[Assignment]: Output only the lines below from the one holding "Кусок слева куски" down to the one holding "学年のオープンスペースにある", both end lines included and every picture dropped.

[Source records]
=== Begin Enclosure ===

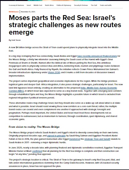 وإلى جانب الممرات البرية الناشئة عبر سوريا والعراق بعد إعادة تأهيلهما، يُسلط جسر موسى الضوء على مستقبل محتمل تُستبعد فيه إسرائيل من التكامل الإقليمي في حال استمرار التوترات السياسية. حسب تقرير مطول لموقع Atlantic Council وهو مركز أبحاث (Think Tank) مقره واشنطن، تأسس عام 1961 ويُعد من المراكز المؤثرة في مجالات: السياسات الدولية، والعلاقات الأمريكية – الأوروبية، وقضايا الطاقة والاقتصاد، والأمن الإقليمي بما في ذلك الشرق الأوسط، وهو ليس موقعًا إخباريًا تقليديًا، بل منصة تحليلية تنشر تقارير ودراسات للباحثين والمتخصصين. ويُعتبر من المؤسسات ذات السمعة الجيدة في مجال التحليل السياسي والاستراتيجي.
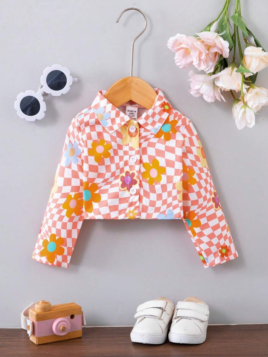 Baby Girl Checker & Floral Print Button Front Crop Shirt
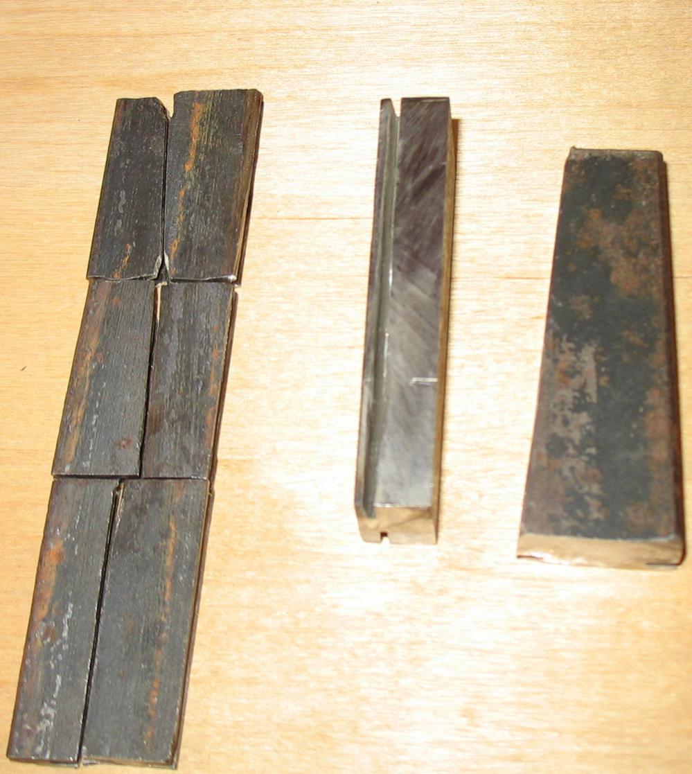 Кусок слева куски от железной полосы толщиной 4 мм, справа 9 мм
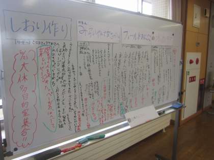 学年のオープンスペースにあるホワイトボードには、各担当の計画やお知らせがぎっしりと書かれています。来週の校外学習が楽しみです。
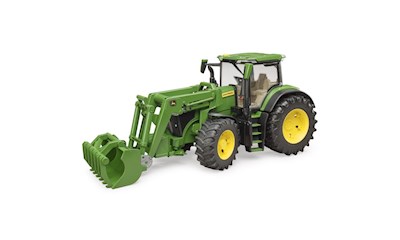 Eine moderne Landwirtschaft ist ohne moderne Traktoren gar nicht mehr vorstellbar. Da die Arbeit der Landwirte nicht nur vielschichtig, sondern auch voller Herausforderungen ist, brauchen sie die richtige Technik. Traktoren der Serie 7R von John Deere verbinden ein geringes Gesamtgewicht mit hohen Leistungen. Dieser agile Traktor beschleunigt nicht nur Transporte, sondern bringt jeden Betrieb voran. Dieser wichtige Traktor ist neu bei BRUDER in der Themenwelt Landwirtschaft zu finden. Getreu dem BRUDER-Motto „Just like the real thing“ ist der Traktor mit vielen, realistischen Details ausgestattet. Die Motorhaube öffnet sich und zeigt den imposanten Motor. Türen sind zu öffnen und bieten den optional erhältlichen bworld Figuren Platz in einer modernen Kabine. BRUDER-typisch ist die ausgezeichnete Steuerbarkeit und Fahrkomfort durch die eingebaute Pendelachse und die durch das Schiebedach einsetzbare Lenkverlängerung. Durch die höhenverstellbare Heckkupplung können alle Anhänger der Profiserie benutzt und durch den vorhandenen Frontlader auch gleich beladen werden. Alle Anhänger aus dem landwirtschaftlichen Sortiment von BRUDER können an diesen Traktor montiert werden.
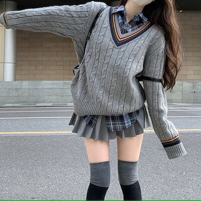 2024秋冬トップス ニット セーター Vネック 長袖 スクールガール 通学 韓国ファッション レディース おしゃれ かわいい カジュアル お出かけ
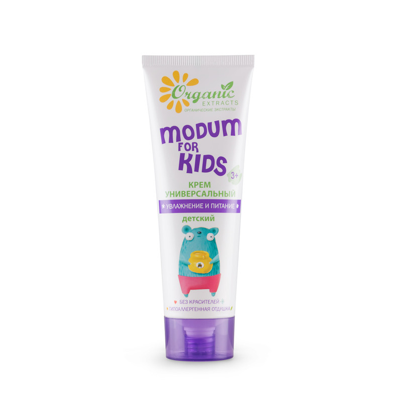 Univerzálny detský krém na tvár a telo "Hydratácia a výživa" For Kids Modum, vyrobený hlavne na organickom základe, poskytne malému pocit pohodlia. Obsahuje komplex živinových olejov z olivy, karité a broskyňových jadier, vďaka čomu intenzívne zásobuje pokožku živinami, vitamínmi, minerálmi, proteínmi a aminokyselinami.

=== End Enclosure ===

[Expected answer]:
 Кусок слева куски от железной полосы толщиной 4 мм, справа 9 мм
 学年のオープンスペースにあるホワイトボードには、各担当の計画やお知らせがぎっしりと書かれています。来週の校外学習が楽しみです。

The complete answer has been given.